*** Available records
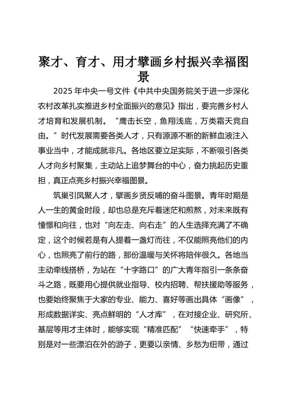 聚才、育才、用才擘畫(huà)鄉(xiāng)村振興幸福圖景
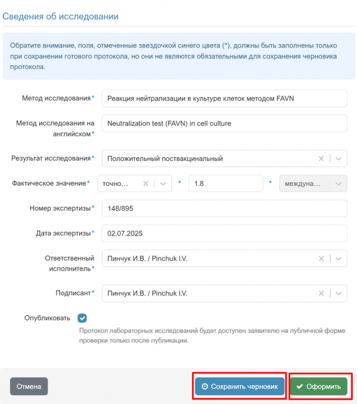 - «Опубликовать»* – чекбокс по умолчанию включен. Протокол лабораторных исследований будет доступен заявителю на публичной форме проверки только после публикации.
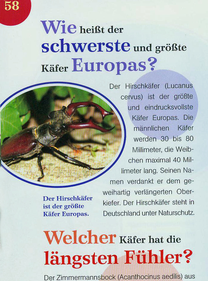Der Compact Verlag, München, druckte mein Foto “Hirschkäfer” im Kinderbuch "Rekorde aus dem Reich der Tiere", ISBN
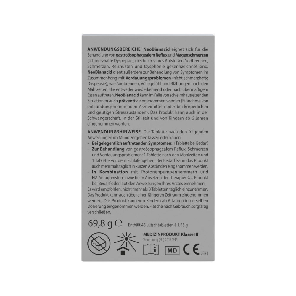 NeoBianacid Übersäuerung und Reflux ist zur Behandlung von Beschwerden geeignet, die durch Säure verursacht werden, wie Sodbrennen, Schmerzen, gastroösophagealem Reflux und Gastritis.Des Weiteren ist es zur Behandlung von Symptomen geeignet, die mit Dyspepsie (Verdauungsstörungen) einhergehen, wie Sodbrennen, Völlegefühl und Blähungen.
******
*** Available records
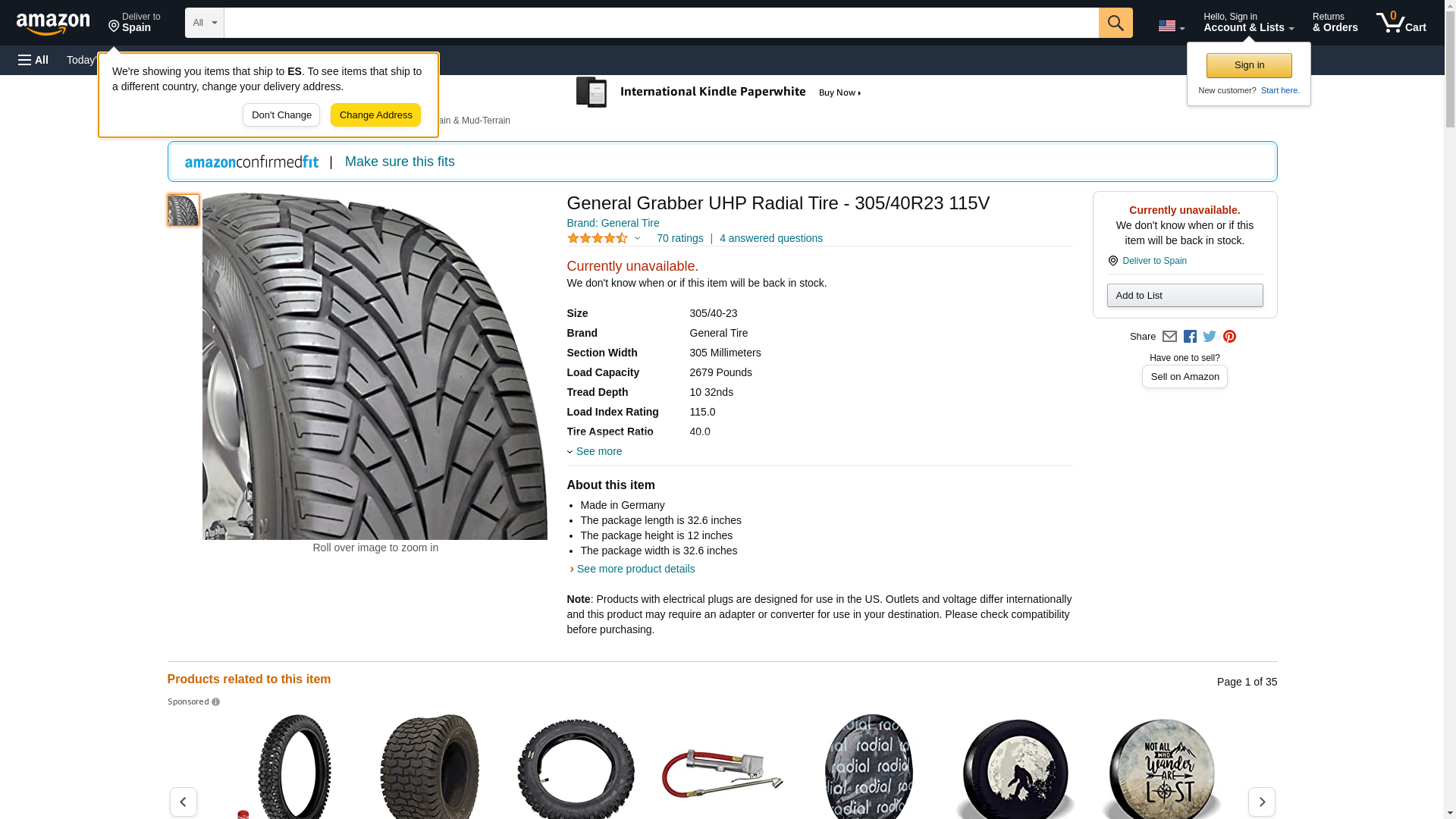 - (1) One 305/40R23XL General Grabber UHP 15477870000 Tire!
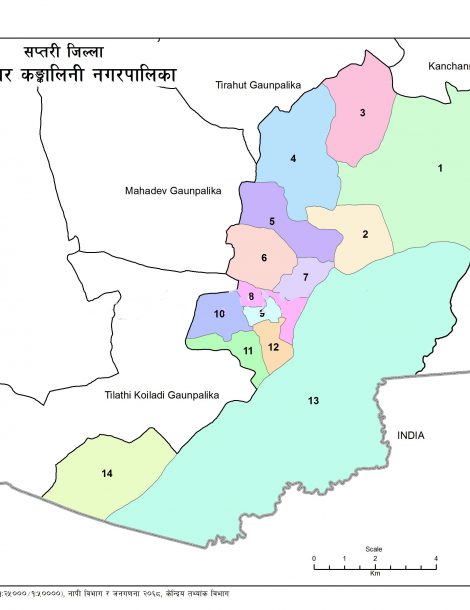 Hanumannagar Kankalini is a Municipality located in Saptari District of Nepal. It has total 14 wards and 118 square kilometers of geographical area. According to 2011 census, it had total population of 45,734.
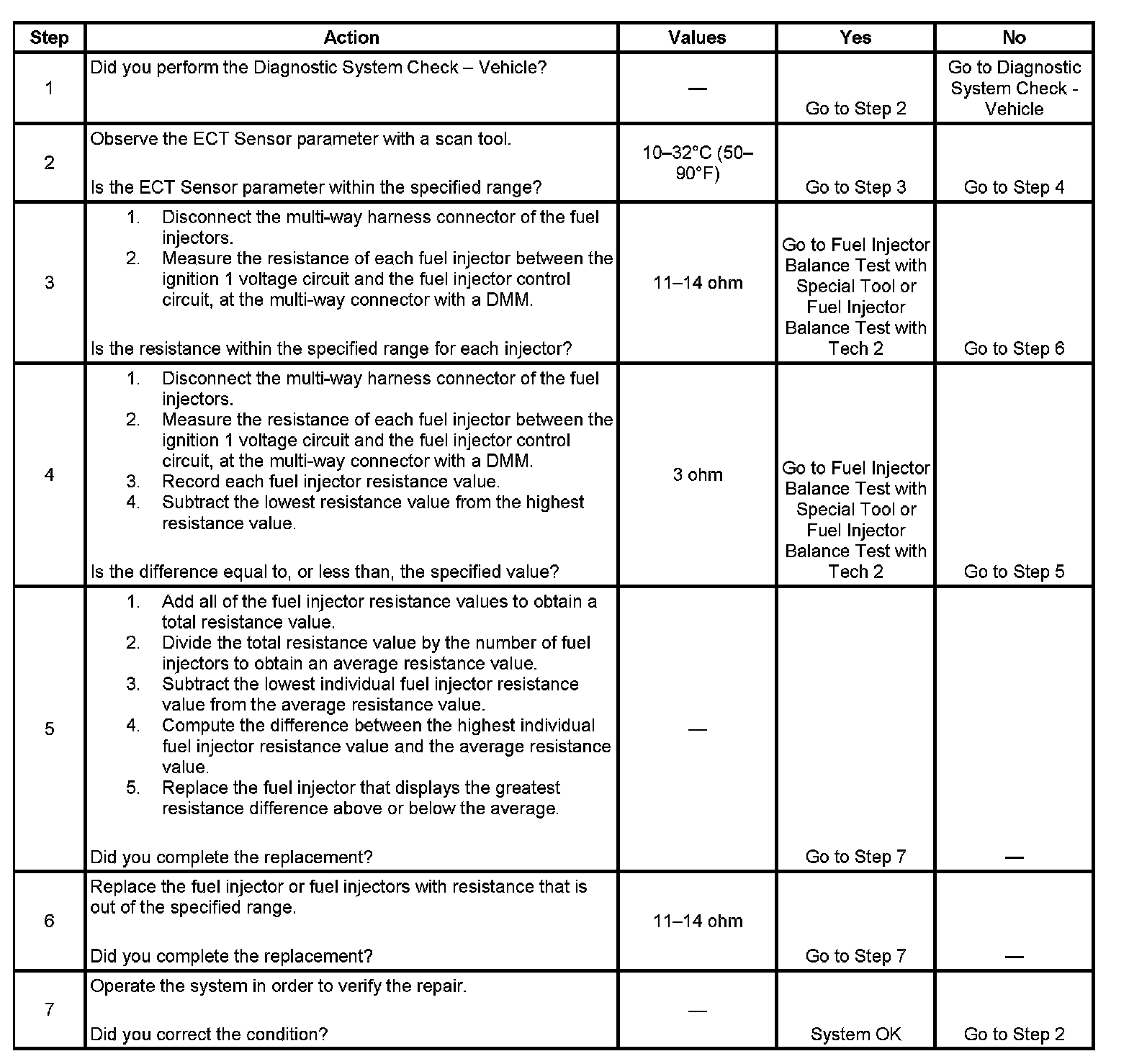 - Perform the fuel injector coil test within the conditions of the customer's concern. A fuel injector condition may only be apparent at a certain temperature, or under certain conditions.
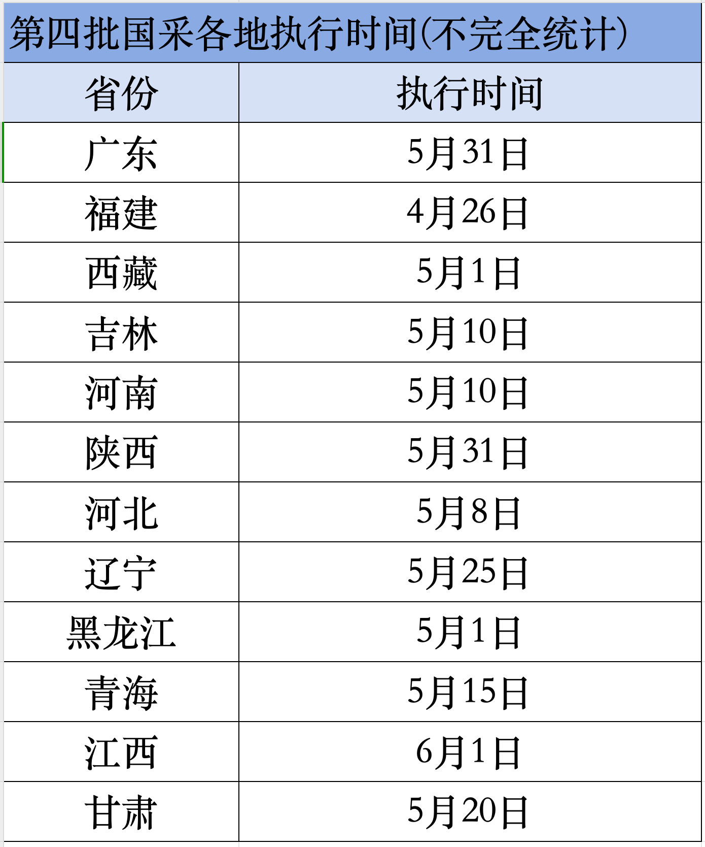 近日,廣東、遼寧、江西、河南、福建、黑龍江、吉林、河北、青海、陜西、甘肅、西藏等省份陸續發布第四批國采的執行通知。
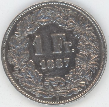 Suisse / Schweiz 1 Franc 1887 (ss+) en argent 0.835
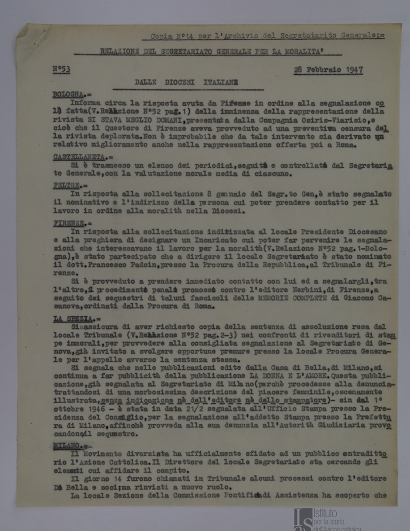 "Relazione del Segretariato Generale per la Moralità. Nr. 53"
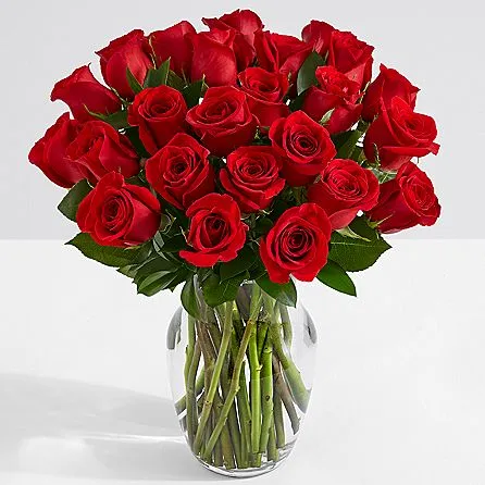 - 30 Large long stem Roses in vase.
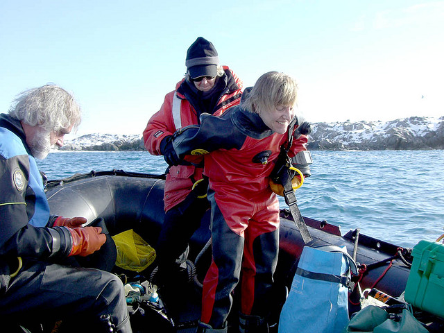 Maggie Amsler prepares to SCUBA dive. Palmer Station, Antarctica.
******
Task prompt: Copy the lines above between the one holding "- Perform the" and the one holding "del Segretariato Generale", inclusive. Drop the pictures.

Written answer:
 - Perform the fuel injector coil test within the conditions of the customer's concern. A fuel injector condition may only be apparent at a certain temperature, or under certain conditions.
 近日,廣東、遼寧、江西、河南、福建、黑龍江、吉林、河北、青海、陜西、甘肅、西藏等省份陸續發布第四批國采的執行通知。
 Suisse / Schweiz 1 Franc 1887 (ss+) en argent 0.835
 "Relazione del Segretariato Generale per la Moralità. Nr. 53"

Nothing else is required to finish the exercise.